The one caveat, however, is that authentication to a Firebase database is global—when you authenticate a Firebase ref (even in Node.js), every single other ref pointing to the same database gets authenticated with those credentials; you can't log in as different users by using separate refs. So, if your React rendering pipeline on the server does any asynchronous operations between when the auth callback is called and the app is rendered (e.g. if you use something like react-async or do other fancy async data loading before rendering), the user that is authenticated against your Firebase might have changed by the time you go to render your application. If, however, your rendering pipeline is purely synchronous, you should be able to get away with this strategy (getAuth() can help ensure that you have the right auth before you render).
Aside from that, I think the most straightforward solution is the following:
Authenticate your users through your own server, creating a secure token and passing it back to the client for authentication purposes. Store this token in the user's session so the client can request it and auth with it on the client as necessary. You'll also need to generate your own auth data (the stuff that is normally passed to the callback for authWithPassword) and store this in the session as well.
For server requests to your Firebase, use one of the recommended server authentication schemes:
Using a Firebase app secret: All authentication methods can accept a Firebase app secret instead of a JWT token. This will grant the server complete read and write access to the entire Firebase database. This access will never expire unless it is revoked via the App Dashboard.

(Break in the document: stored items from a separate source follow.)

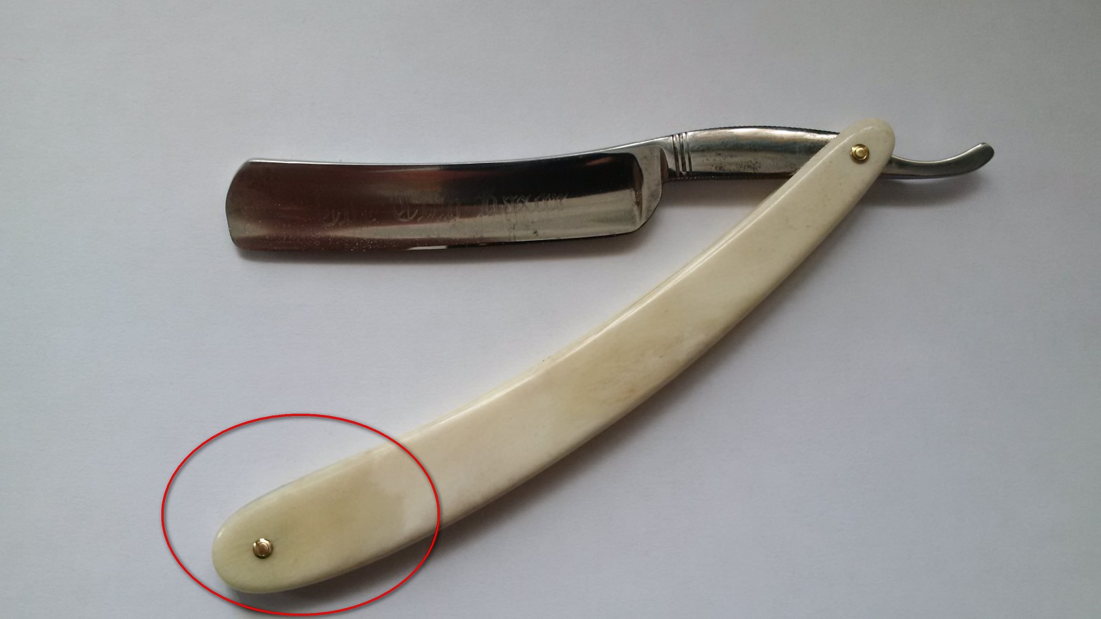 Почему спрашиваю, пару раз попадались бритвы из кости, были такие потемнения в районе переднего пина с обеих сторон, в результате обильной смазки... Бесит, когда приходится пользоваться бритвой моложе себя...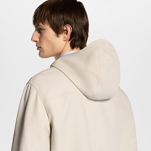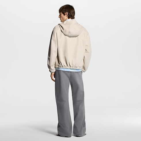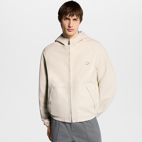 This reversible hooded blouson makes a versatile and sophisticated layer for spring. It has a supple white leather exterior, whose minimalist silhouette is adorned with a metal LV ornament on the chest. Reversed, it features technical Monogram jacquard fabric, with sporty pastel-toned color-blocked inserts. This go-to midseason piece can complete many looks, ranging from understated elegance to sporty fashion-forward styles.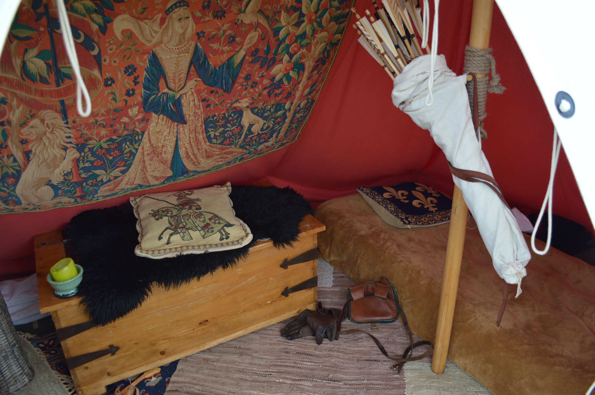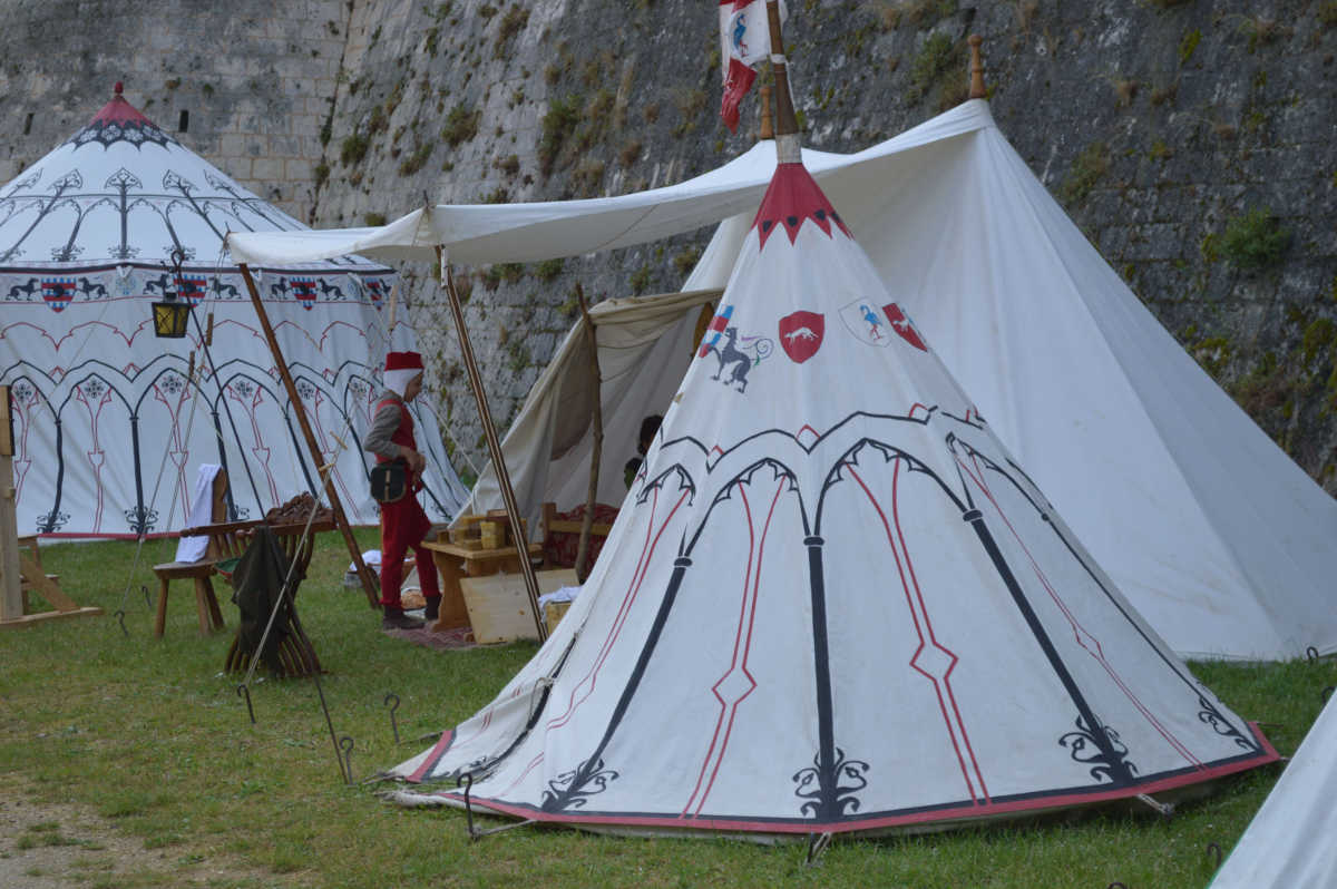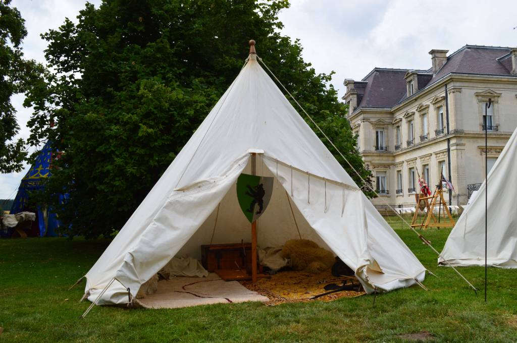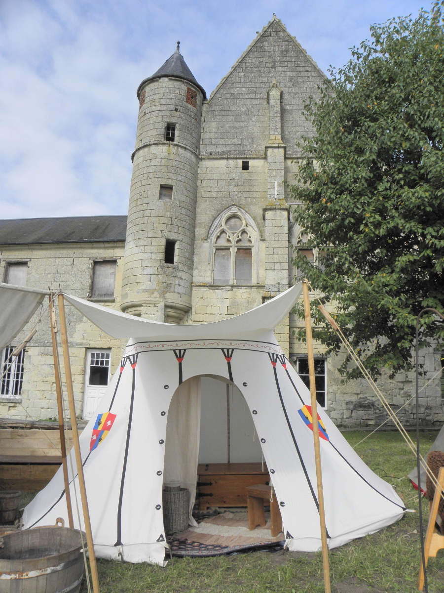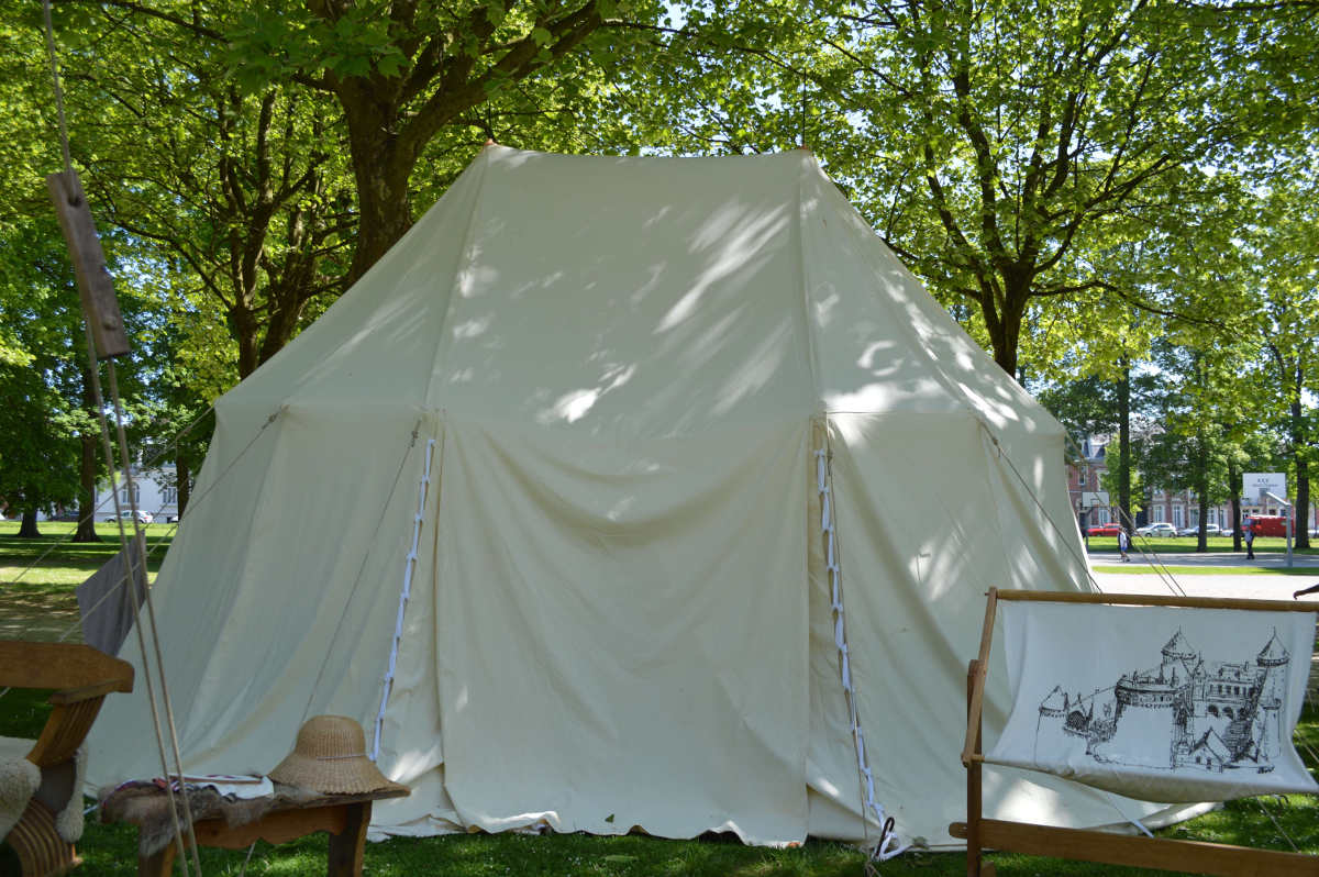 C'est dans cette tente que vivent Fabien de Laon et son épouse Bérangère, avec leur fille Clothilde. Le mobilier de cette tente est typiquement seconde moitié du XV° siècle.

Using a secure JWT with the optional admin claim set to true: This method will grant a server complete read and write access to the entire Firebase database. This token will expire normally, so it is important to set the expiration times accordingly.
Using a secure JWT designed to give access to only the pieces of data a server needs to touch: This method is more complicated, but it is the safest way to authenticate a server as it lets the Security and Firebase Rules prevent the server from doing anything it's not supposed to, even if it becomes compromised in some way.
Include server logic to ensure that the current logged in user can only access appropriate data. Since the above methods of authentication will grant access to data the user may or may not have access to, you'll need to take your own steps to ensure that users don't get accidental access to things they shouldn't.
Pass the auth data that you stored in the session in step one to the React application as a property, instead of relying on things like ref.getAuth() to get this data inside your React app (since it won't work on the server), to identify the user in your UI.